Designing Sustainable Marine Protected Area Networks: A Graph-Based Optimization Approach for Mediterranean Conservation

Khaled Mili

Department of Quantitative Methods, College of Business Administration, King Faisal University, Al-Ahsa 31982, Saudi Arabia

Majdi Argoubi

Department of Quantitative Methods, University of Sousse, Rue Khalifa Karoui, Sahloul, Sousse BP 526, Tunisia

DOI: https://doi.org/10.36956/sms.v8i2.3143

Received: 12 February 2026 | Revised: 12 March 2026 | Accepted: 17 March 2026 | Published Online: 7 April 2026

Copyright © 2026 Khaled Mili, Majdi Argoubi. Published by Nan Yang Academy of Sciences Pte. Ltd.

Creative Commons LicenseThis is an open access article under the Creative Commons Attribution-NonCommercial 4.0 International (CC BY-NC 4.0) License.


Abstract

Marine Protected Area (MPA) networks face a persistent challenge: protecting biodiversity while maintaining ecological connectivity and minimizing economic costs.
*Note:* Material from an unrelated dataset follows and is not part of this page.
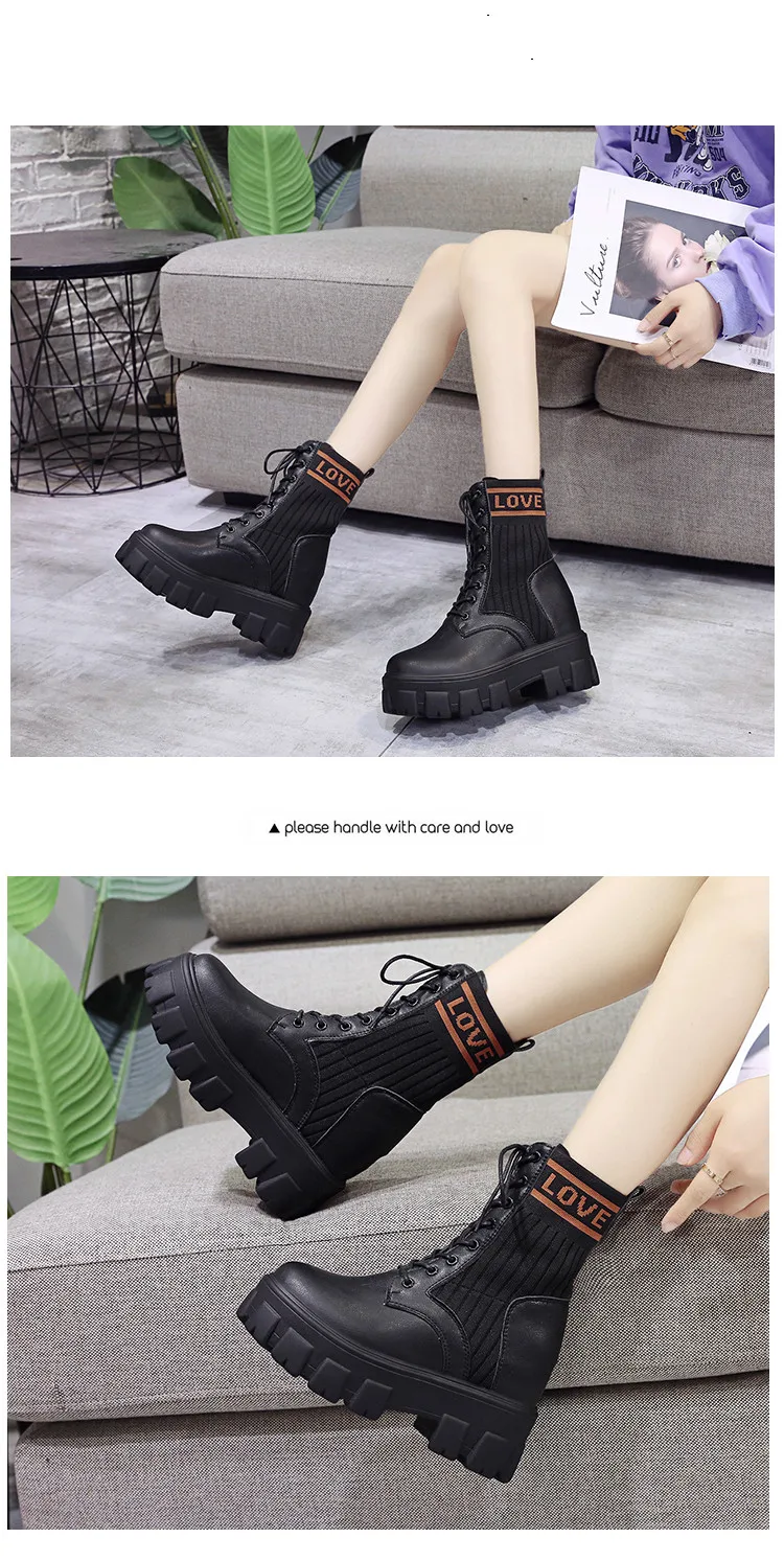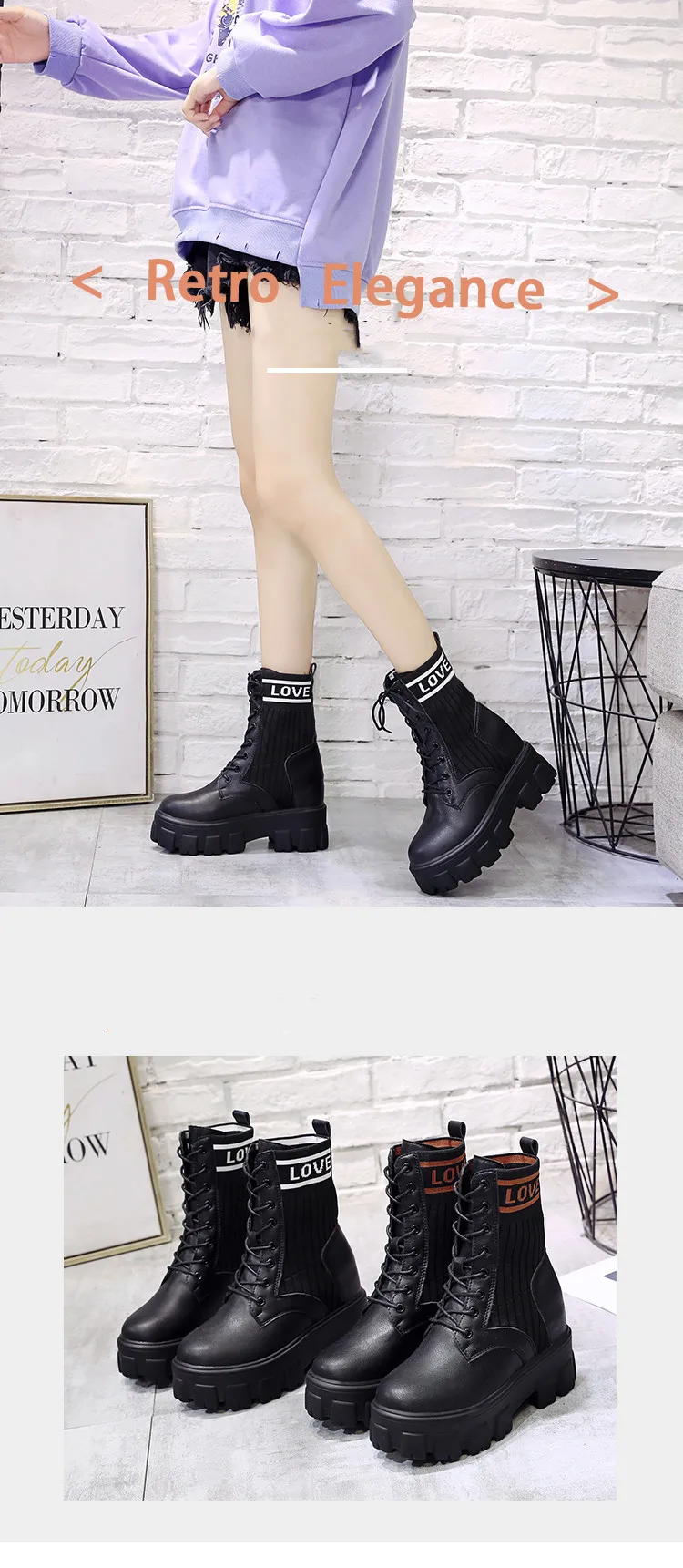Женские сапоги до середины икры, Модные осенние высокие кроссовки, удобные кожаные сапоги на платформе, зимние высокие сапоги на танкетке 9 см, 2019

Traditional planning methods optimize single objectives or face computational barriers when scaling thousands of potential sites. We developed a computational framework combining graph-based site embeddings with constraint-driven optimization to identify cost-effective MPA networks at the basin scale. We analyzed 10,741 candidate sites across the Mediterranean Sea (30 km resolution) using 84,721 species observations, bathymetric data, and spatially explicit opportunity costs. The optimized 15% coverage network (1,611 sites, 1.45 million km2) protects 99.2% of 120 target species including all threatened Mediterranean resident taxa, achieves network connectivity 4.4 times higher than random selection, and reduces costs 42% below random approaches (€1.69 billion versus €2.94 billion). The framework enforces ecological constraints—threatened species protection, shallow habitat representation, and regional balance—while completing each optimization scenario in 8–15 min. Network connectivity scales super linearly with coverage (power law exponent 1.17), indicating that well-connected networks deliver disproportionate conservation value. Results remain robust across 10–30% coverage targets, with consistent species representation and spatial patterns. The modular framework transfers to other marine regions through the substitution of region-specific data and enables rapid scenario testing for stakeholder negotiation. Systematic optimization identifies MPA configurations delivering superior conservation outcomes at substantially lower cost than alternative strategies, supporting evidence-based pathways toward international marine protection targets.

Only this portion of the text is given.